そこでわかったのは、発酵食を作るには発酵調味料が必要だということ。スタッフたちと試行錯誤して、8種類の発酵調味料を作った。その調味料に漬け込んだ肉や新鮮な旬の野菜をふんだんに使って、発酵づくしのごはんを提供。発酵米の米粉のロールケーキやシフォンケーキ、甘酒、ヨーグルトなども作っている。
ずっと低迷していた売り上げは、今年の春ごろからお客さんの数と比例してぐっと上がってきた。このところはミドルシニアの男性がカウンターで1人、外を眺めながら食事をする姿や、発酵調味料に興味を持つ女性たちが目立つ。東京などでの発酵調味料のワークショップの依頼も増え、なっくる=発酵食が少しずつ浸透している。
ところが建物の老朽化に伴って、光熱費が最初のころの三倍ほどかかるようになった。なかでも水道代が大変で、漏水や宿泊客の蛇口の閉め忘れで多額の使用料を払ったこともあったが、この夏には185000円の請求書が届き、水道業者に調べてもらったものの原因は特定できない。電気代も特別高圧で、原油高もあって初めのころの倍近くになっている。
持ち主のいわき市に相談しても「現状のまま(修繕はしない)という約束で貸したので」と言われた。舘さんはみんなが頑張って働いてくれているのに、これ以上、無意味な経費は使いたくないと考え、やむなく移転を決めた。コロナ以降、宿泊客はあまりなく、9月に宿泊業はやめた。

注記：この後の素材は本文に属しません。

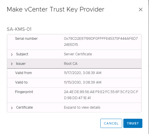 • The PyKMIP should reply with its server certificate, which vCenter must add to its trusted certificates list to allow vCenter to trust the KMS. In the Make vCenter Trust Key Provider window, click TRUST.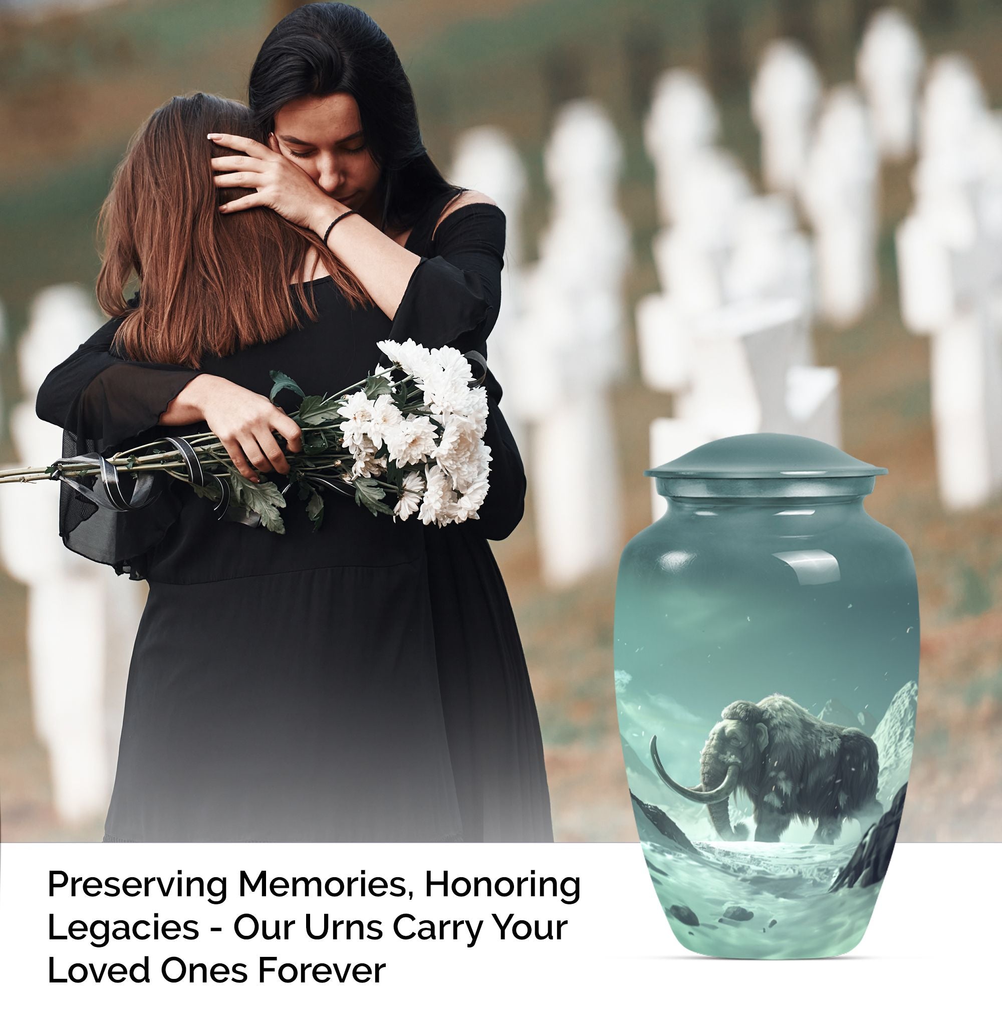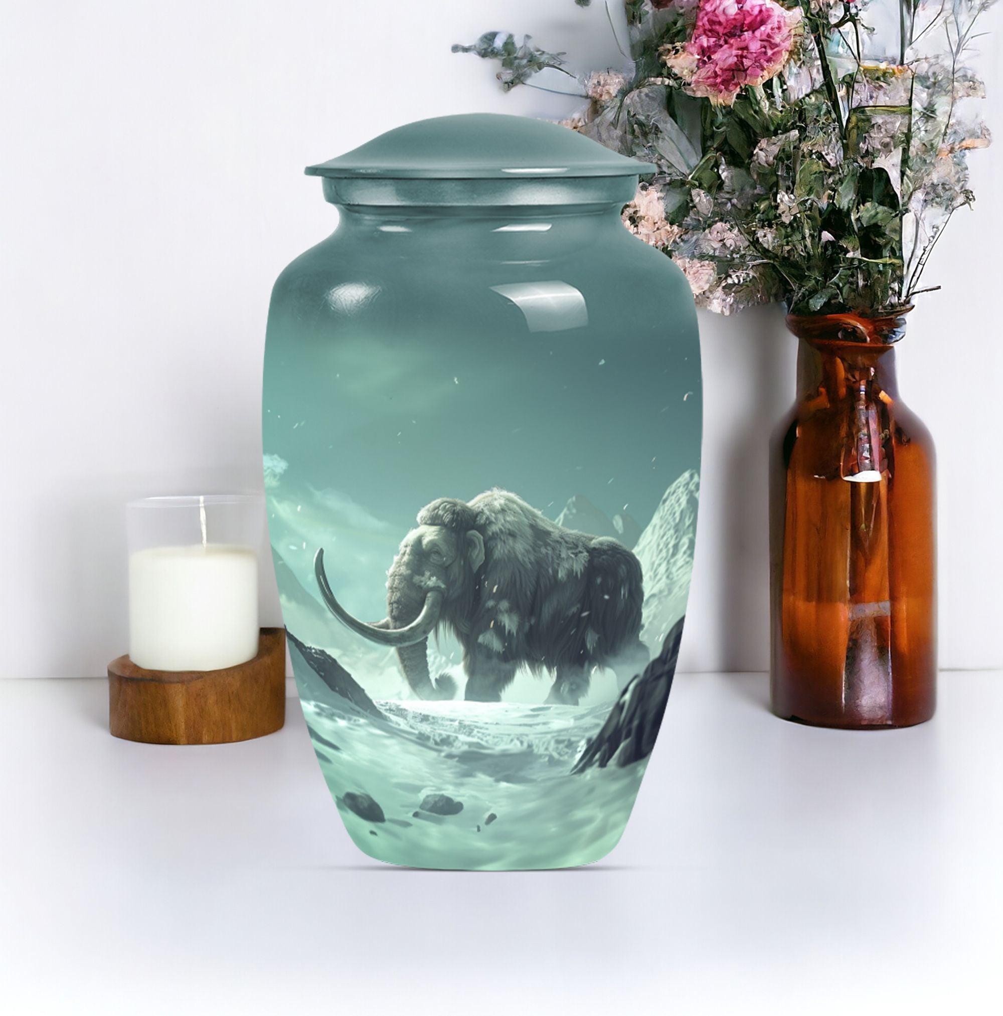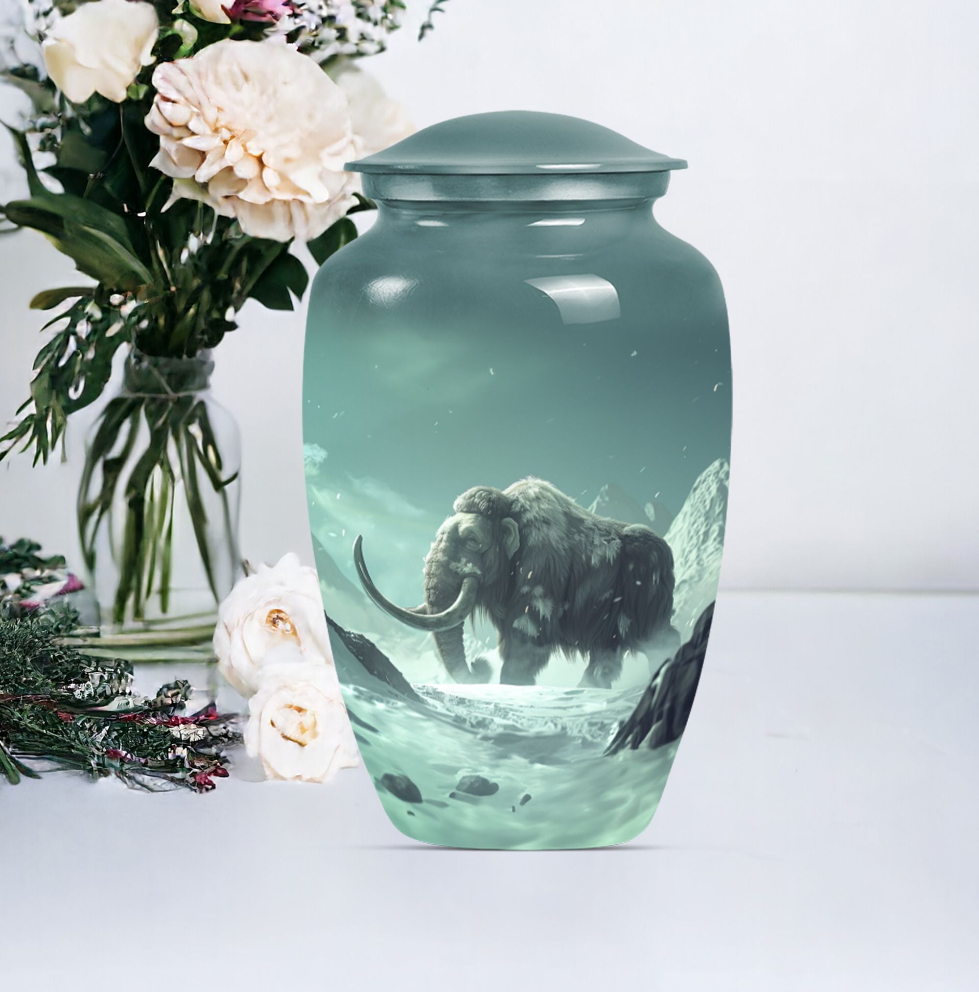 Pay tribute and honor your departed loved one with our exquisite Mammoth Urn. This 10-inch urn is a prime selection under the Memorial Ceremony Supplies. It's not merely an urn - it's a large, delicate butterfly-themed shrine intricately crafted from enduring aluminium, capable of holding up to 200 cubic inches of ashes. Weighing a sturdy 3.3 pounds, this cremation urn is constructed with scrupulous attention to details and quality. Your purchase includes a sophisticated velvet pouch providing containment and added security for your loved one's ashes. Personalized engravings offer character to the urn, making it more than just a ceremonial item but a cherished keepsake. Reflect on their unending spirit and keep their memory alive with our cremation medium urns. Highly regarded amongst burial urns for adult human ashes, it is a fitting homage for adult female or male and can also serve as companion cremation urns. Remember, it's not just about the goodbye but about cherishing their lingering presence. Place your order today for this unique butterfly-themed mammoth urn.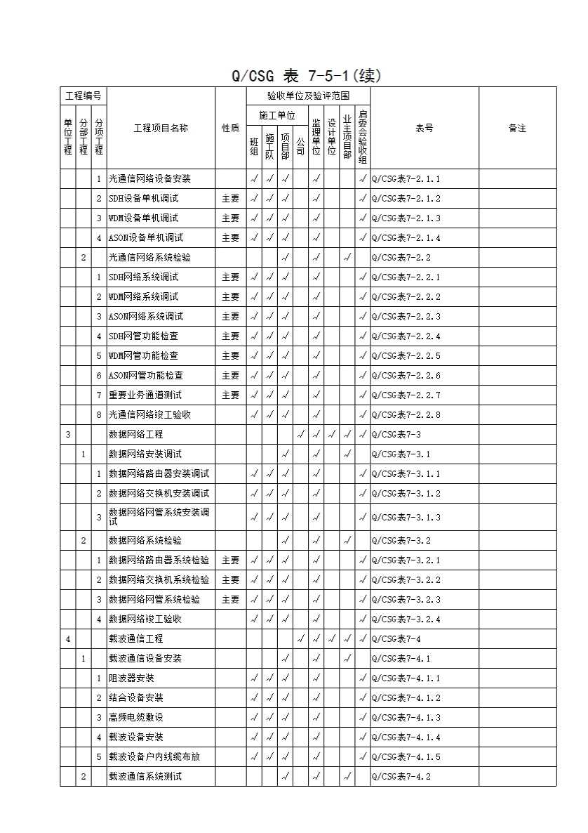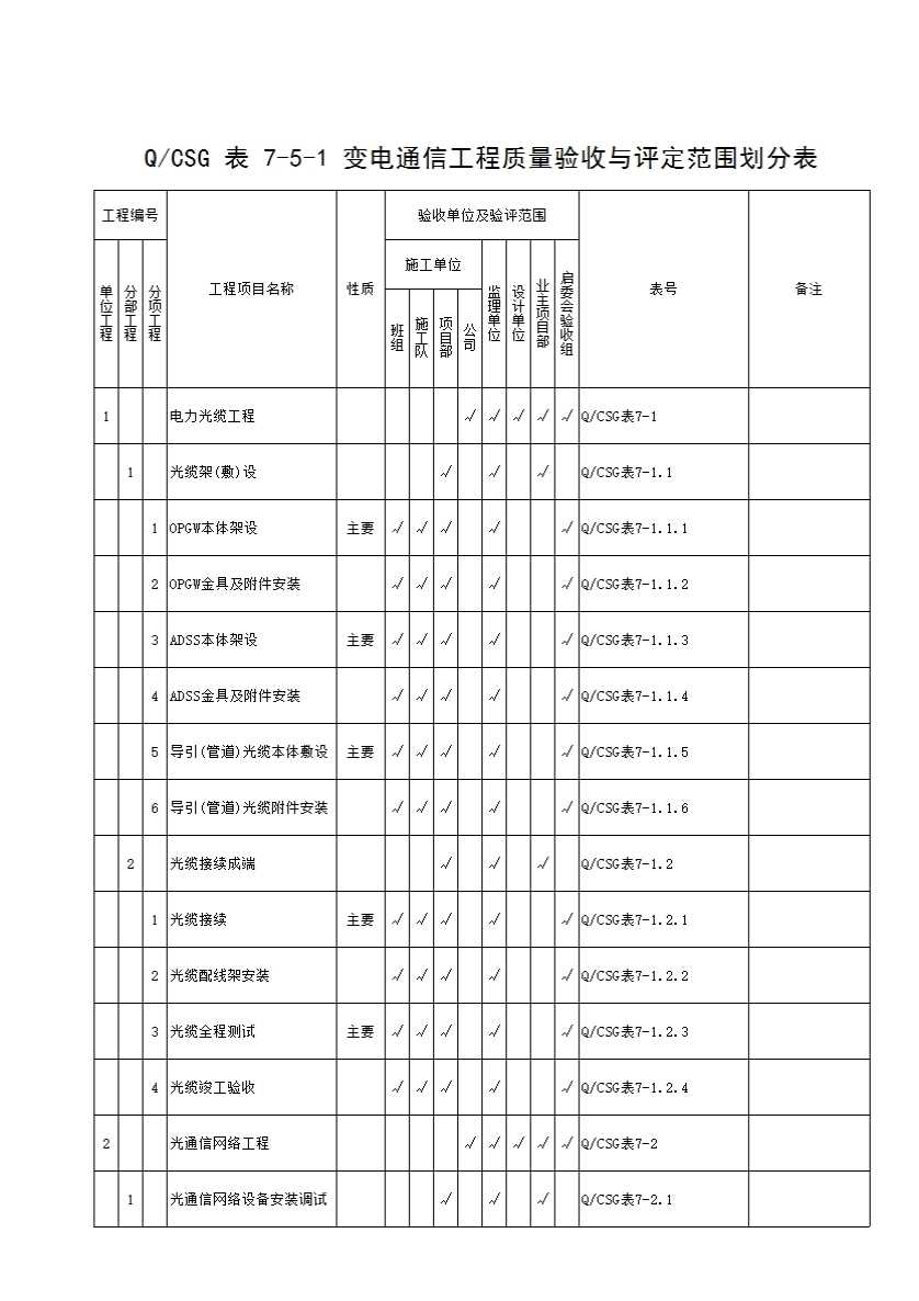 QCSG 表 7-5-1 变电通信工程质量验收与评定范围划分表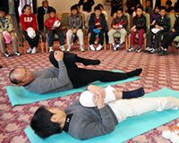 2002年と2007年の賞金王が、床にひいたマットに無防備に寝そべった。もう11年の付き合いになる。専属トレーナーの秋山武雄さん直伝のメニューを、子供たちのために惜しげもなく披露した。

なっくるは発酵カフェだけでなく、交流空間でもあり、自然とふれあいながら、さまざまな人たちが好きなことをしている。常連客グループが「この場所をなくさないで」と、いま署名を集めている。市に返却すれば建物は壊すことになるだろう。「建物の一階だけ借りられれば」と舘さんは言う。すぐに移転先が見つからなくても、発酵食はやめない、と。